==== SUPPLIED MATERIAL ====
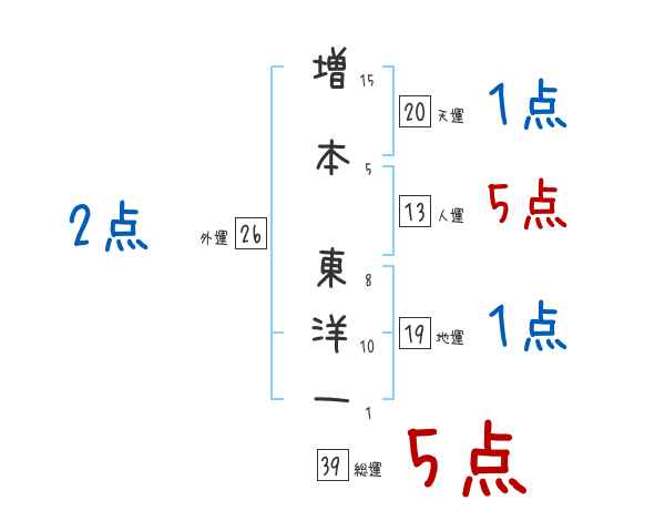 総運![]() | 増本東洋一さんの総運は39画の5つ星!社交性に優れ人望が厚い。人の上に立ち成功する。 あなたの人生を表す1番重要な運勢です。生涯を通じて影響する総合運となり、主に50歳以降の晩年期に影響を及ぼします。 |
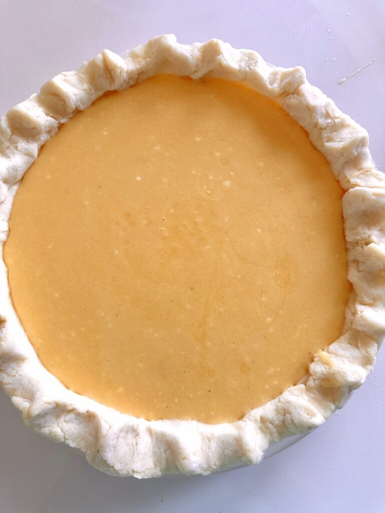 - Pour the filling into the pie crust.
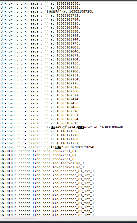 @AllEx: This issue should be fixed now as well. As for the rest - it's not possible to bypass all possible errors by design, because most of them are caused by custom changes in the engine, which you don't expect while parsing binary data and all adjustments should be done manually on per game basis (mostly). There is no other way around. Also, you can copy only crash message, there is a button for this in the crash window.
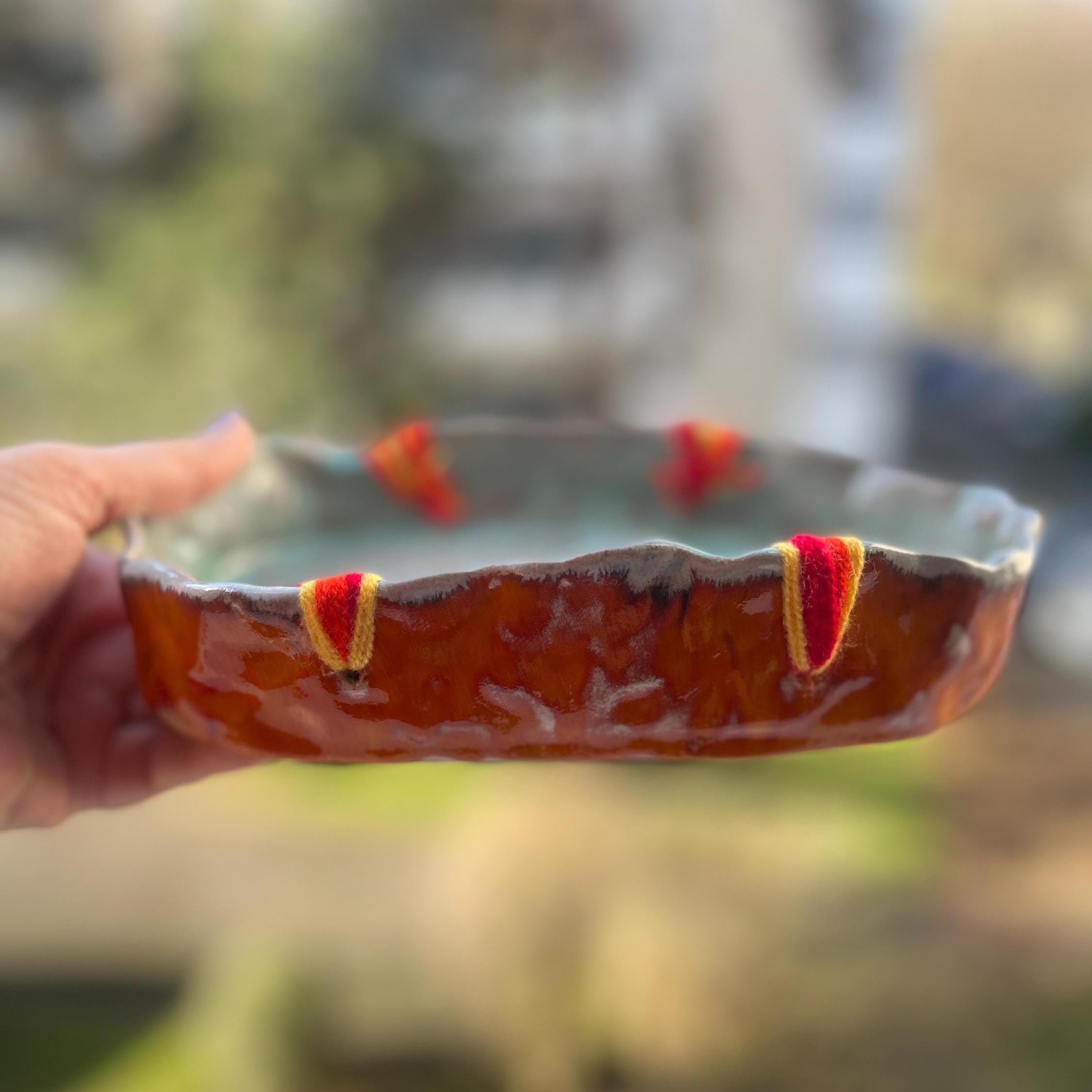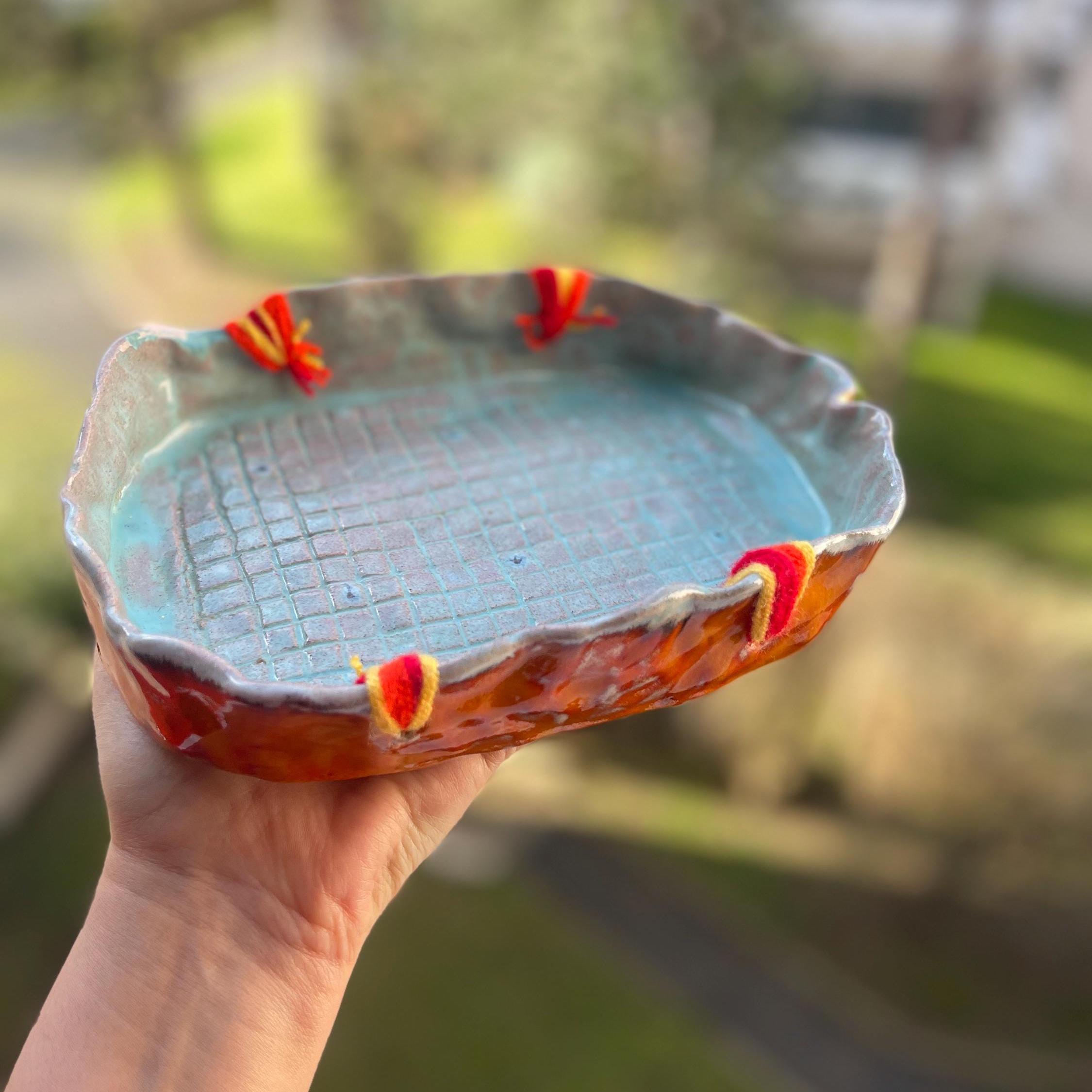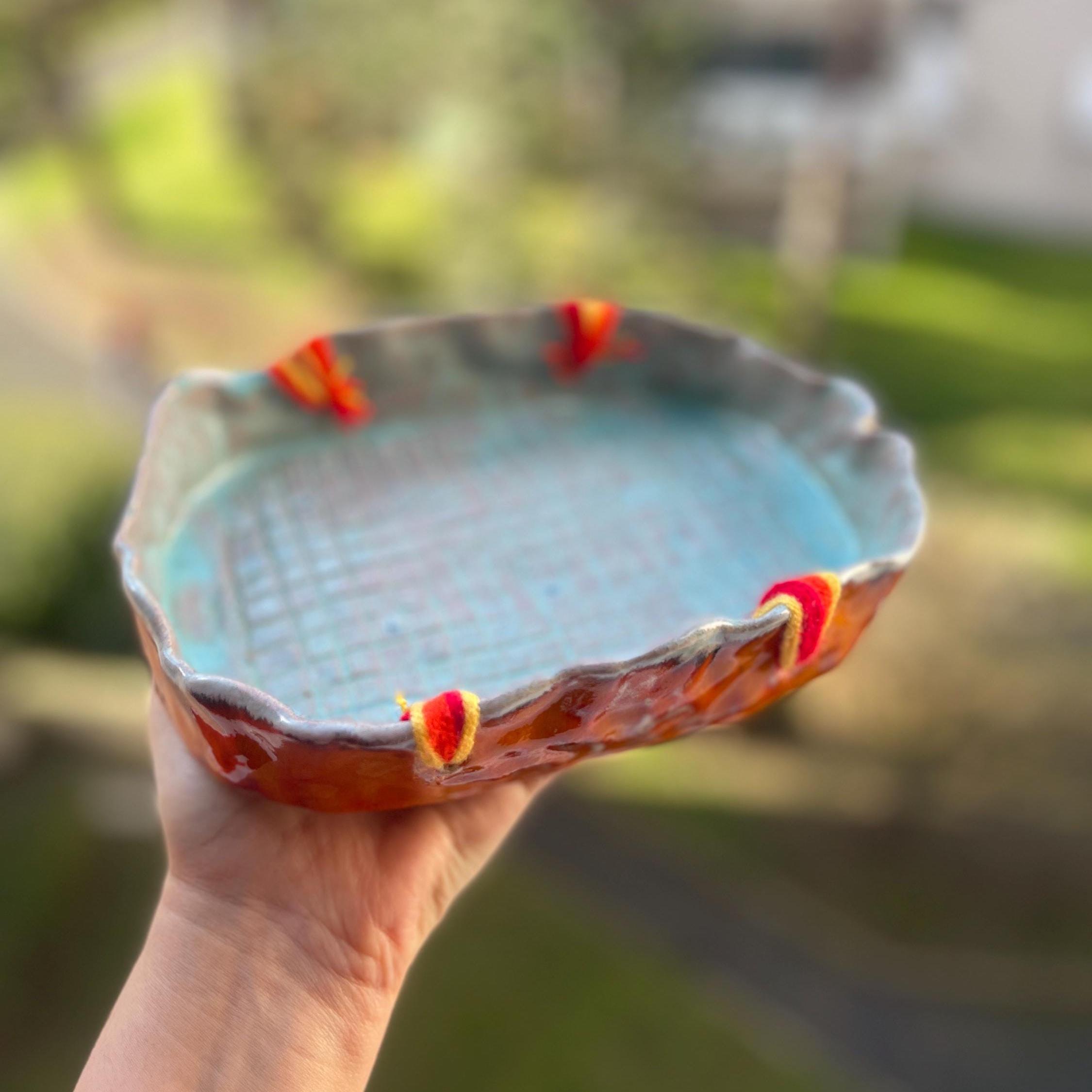 Magnifique assiette en céramique, fait main. Poterie pour décoration, servir de fruits, du fromage, ou assiette d’accompagnement
====
WORK ORDER – Please write out the entire listing above exactly, but leave the pictures out.

PROBLEM SOLUTION –
 総運![]() | 増本東洋一さんの総運は39画の5つ星!社交性に優れ人望が厚い。人の上に立ち成功する。 あなたの人生を表す1番重要な運勢です。生涯を通じて影響する総合運となり、主に50歳以降の晩年期に影響を及ぼします。 |
 - Pour the filling into the pie crust.
 @AllEx: This issue should be fixed now as well. As for the rest - it's not possible to bypass all possible errors by design, because most of them are caused by custom changes in the engine, which you don't expect while parsing binary data and all adjustments should be done manually on per game basis (mostly). There is no other way around. Also, you can copy only crash message, there is a button for this in the crash window.
 Magnifique assiette en céramique, fait main. Poterie pour décoration, servir de fruits, du fromage, ou assiette d’accompagnement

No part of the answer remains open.